Estimate number of guesses for credentials

Question

Each account credential consists of User Number and Date of Birth.

User Number is a unique, sequential number that must be in the range of 1,000,000 to 22,000,000. So we know there are 21,000,000 existing User Numbers. A User Number will only ever exist in one credential.

Date of Birth can be any date between 1/1/1920 and 1/1/2002. So that's 29,952 possible birth dates. There are many valid account credentials for each Date of Birth. For instance, there may be 100 valid accounts for users born on 5/5/1955.

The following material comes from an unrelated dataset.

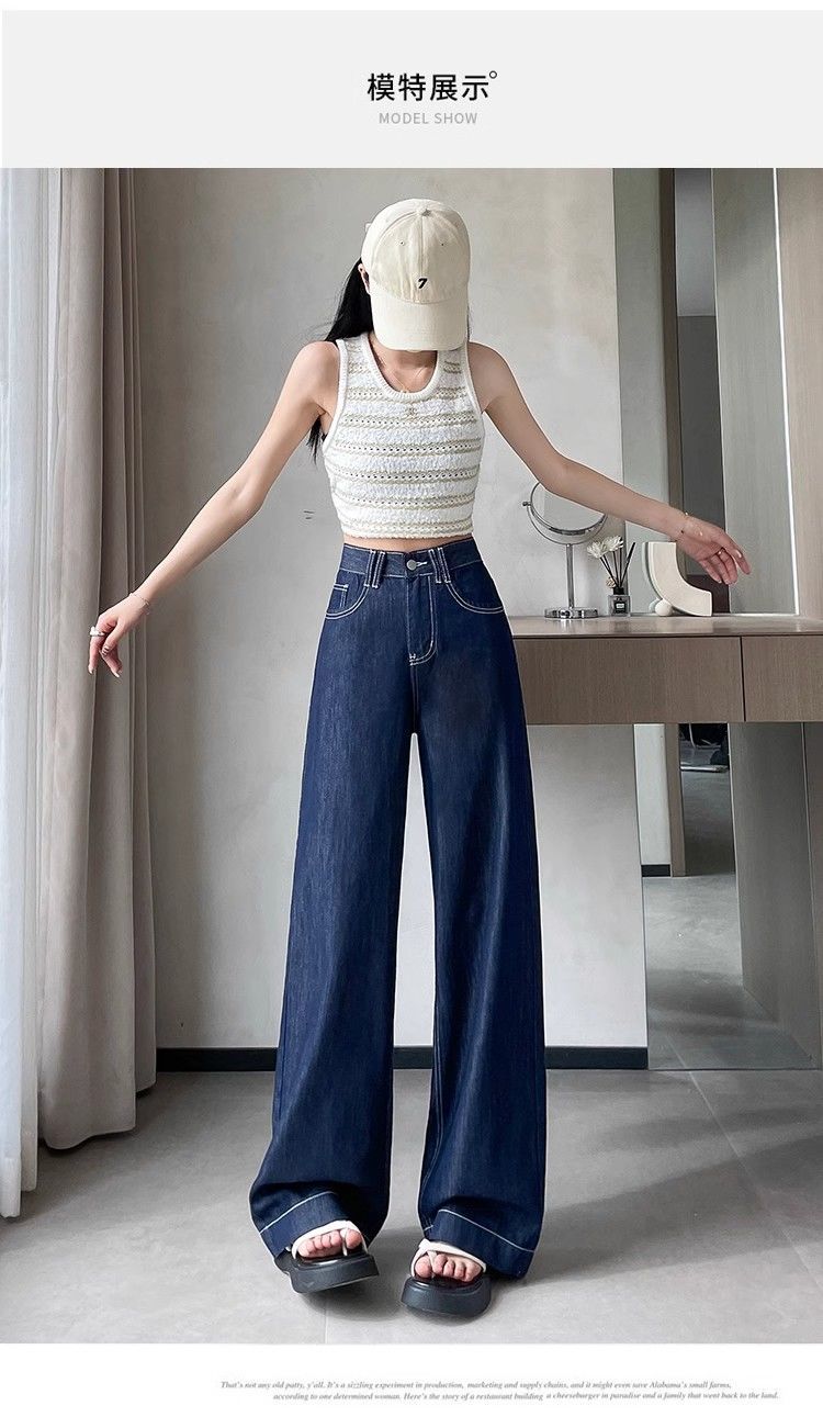 Compra Pantalones vaqueros holgados de pierna ancha en azul Tannin para mujer, otoño 2025, nuevos pantalones rectos adelgazantes de cintura alta al por mayor en Joom.pro

I am able to guess credentials and receive a correct/incorrect response. If I were to systematically take each Date of Birth and then guess all the possible User Numbers to figure out which are correct and which are incorrect, how many guesses would it take in the worst-case scenario?

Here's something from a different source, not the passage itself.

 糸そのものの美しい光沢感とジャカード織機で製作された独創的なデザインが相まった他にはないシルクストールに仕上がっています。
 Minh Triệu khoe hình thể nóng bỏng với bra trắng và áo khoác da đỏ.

Here's a simple illustration of the algorithm:

Guess 1: 1/1/1920 - 1000000 - Incorrect
Guess 2: 1/1/1920 - 1000001 - Correct
Guess 3: 1/1/1920 - 1000002 - Correct
Guess 4: 1/1/1920 - 1000003 - Incorrect
...
Guess N1: 1/2/1920 - 1000000 - Incorrect
Guess N2: 1/2/1920 - 1000003 - Incorrect
Guess N3: 1/2/1920 - 1000004 - Incorrect

Some quick multiplication tells us that this will result in 628,992,000,000 guesses. Although, that figure doesn't account for a heuristic that should significantly reduce the number of required guesses. Knowing that each User Number can only be used in one credential pair, we needn't guess a User Number again once we've found its matching Date of Birth. I've attempted to show this in the illustration above via Guess 2 and Guess 3.

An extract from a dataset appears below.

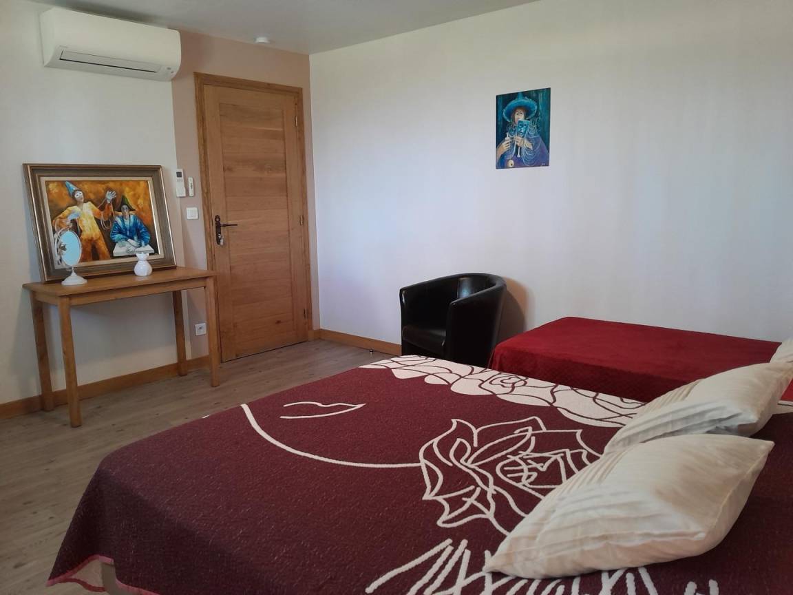 „Nous avons passé une semaine caniculaire. 40 °. Quel bonheur d'avoir choisi un gîte avec la climatisation dans toutes les pièces. Gîte récent, grand garage, table de ping-pong, billard, rien ne manque. Le soir, visite d'un chevreuil venu s'abreuver dans l'étang proche, le gîte est très proche de la forêt, loin de la foule. A quelques km, une halle gourmande achalandée en conserves, fruits, légumes et viande; tout est de la région. Pour les amateurs de miel, la propriétaire est apicultrice aussi. Pour les éventuels pêcheurs, pas de poisson dans les 2 pièces d'eau.“

Let's assume that the User Numbers are distributed equally among the birth dates. So every day should have 701 valid numbers (21,000,000/29,952).

If we wanted to find all of the valid credentials, how would we figure out a worst-case or expected-case guessing scenario? Obviously, the guessing algorithm will become more efficient as additional correct credential pairs are discovered.

Answer 1

Suppose there's only one user number. You'll need to guess $29951$ dates at most, because after guessing $29951$ dates wrong you'll know that the $29952$nd date is the correct date. If you get any guess right, you can stop after that. Assuming the record date is uniformly random from among the possible dates, the expected number of guesses you'll need is

$$\frac{1+2+3+4+5+6+\ldots+29949+29950+29951+2995\color{red}{1}}{29952}.$$

If there are $21000000$ user numbers, you'll just have to repeat the above process $21000000$ times, once for each user number, so you'll need $21000000$ times the guesses both worst-case and expected-case.

Answer 2

Worst-case: Every single one happens to be on the last date you check. You have to do $29951 \cdot 21000000 = 628971000000$ checks before you have one date left and you know that everyone must be from that date.

Expected-case: @Magma is correct. Here is another justification for only looking at one credential - suppose the random variable $X_i$ denotes the number of dates you tested with credential $i$ before finding the correct value. Then, the expected total number of tests you need to do is $E(X_1 + X_2 + \dots + X_{21000000})$. By linearity of expectation that is $E(X_1) + E(X_2) + \dots + E(X_{21000000})$ and if we assume no special knowledge about any credential, all of those are equal and we get an expected number of $21000000\cdot E(X_1)$. Now, the expected number of tests for a single credential is $\frac{29951}{2}$, so the expected number of tests total is half the worst-case scenario, $\frac{29951 \cdot 21000000}{2}$.